David Helpling is a California based guitarist and keyboardist, recording artist and film composer specializing in  ambient music and electronic music. He started his solo career with Between Green and Blue and Sleeping On The Edge Of The World. After composing the soundtrack to the film Trade Offs in 2003 Helpling released four albums, collaborating with fellow ambient recording artist Jon Jenkins, before releasing several solo tracks and three new solo albums: A Sea Without Memory (made exclusively with electric guitars, 2018), Rune (2019), and IN (2022).

Musical career
Helpling is a self-taught musician, whose debut release, Between Green and Blue, was a finalist for the 1997 INDIE Album-Of-The-Year award.
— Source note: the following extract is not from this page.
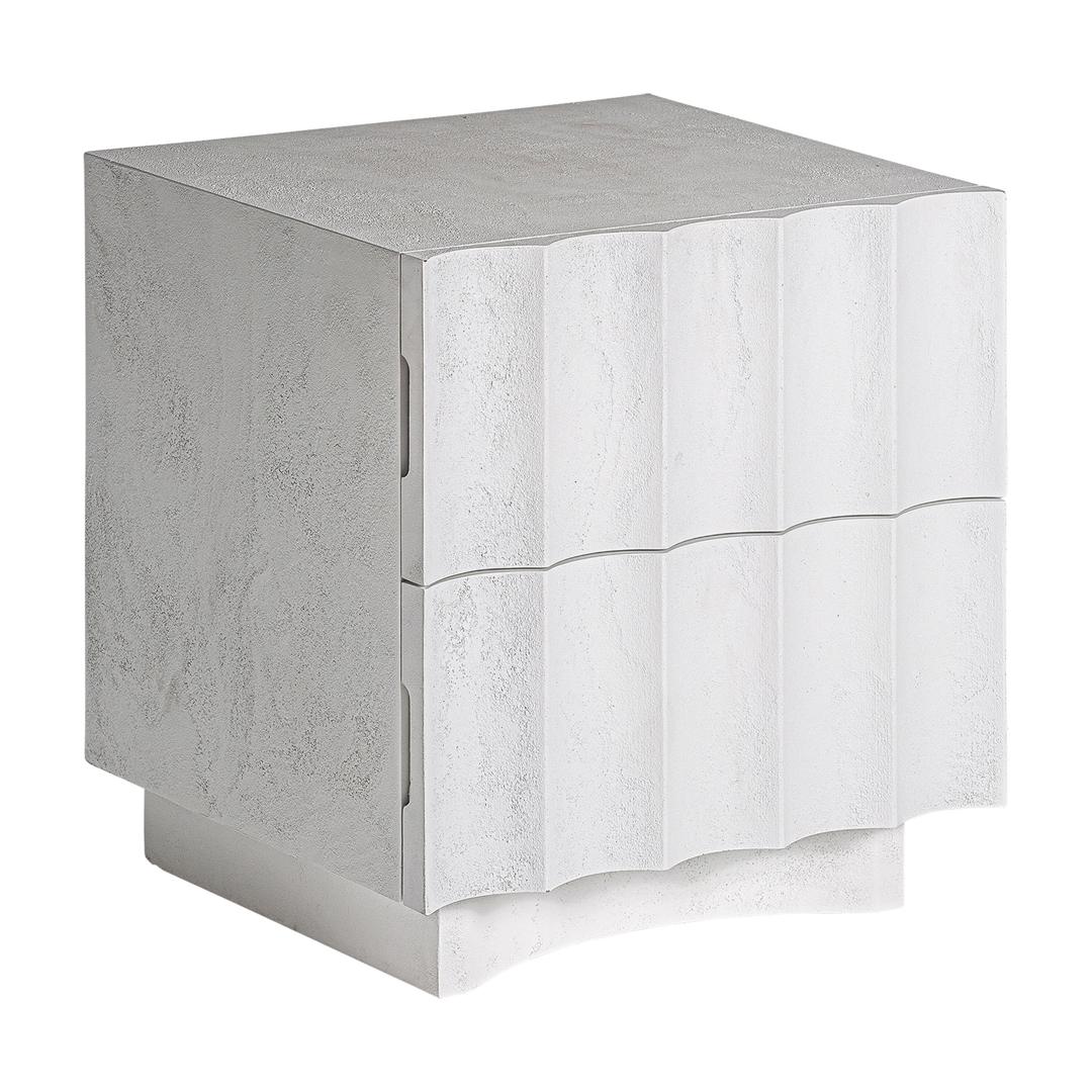 Журнальный столик Mulcey белого цвета в современном стиле. Изготовлен из смолы в сочетании с гравием и древесиной DM.

In 1999, Helpling released his second album, Sleeping on the Edge of the World. Among other musical influences such as U2 and Björk, one of Helpling's main inspirations is film music. Elliot Goldenthal, Edward Shearmur and David Julyan are among his favorites. As a full-time composer, Helpling has written music for several films, one of which, Trade Offs, immersed him in the music of India. The score features several guest artists, including vocalist Nidhi Bhatmuley, who also performs on his 2022 album, IN. Other film assignments include Cold Storage (2009), directed by Tony Elwood, for which Helpling scored a fully orchestral soundtrack using only computers.

Collaboration
Helpling and Jon Jenkins initially became a working partnership after being contacted by filmmaker Chris Cumming via Helpling's record company Spotted Peccary.  After working on the score to Cumming's film "False Summit" the pair discovered they had a mutual respect for and interest in each other's music.  Starting with Treasure the two worked as true collaborators; both contributing equally to composing, arranging the tracks and engineering the recordings. This collaboration continued as the two embarked on completing two follow-up albums, The Crossing and Found winning the 2013 ZMR Music Award for Best Electronic Album;, the three albums constituting a sonic trilogy. He continued his collaboration with Indian musicians on the album IN (2022), which involves vocalist Nidhi Bhatmuley and esraj player Benjy Wertheimer. Loop cellist Matthew Schoening also features on the album.

Film composition
Helpling is also a composer for film, and has also provided several themes, scores, and ambient beds for numerous television, corporate, and interactive projects. His production company is named DHM Music Design.

Other projects
"As the World Falls Away" is a  time-lapse video filmed and produced by Shawn Malone and set to Helpling's music. According to WILX, it "went viral" in 2014.

The video "North Country Dreamland", shot and produced by Malone, was set to "Lifted" from the album The Crossing.

The video "Radiance", shot and produced by Malone, was set to Helping's music.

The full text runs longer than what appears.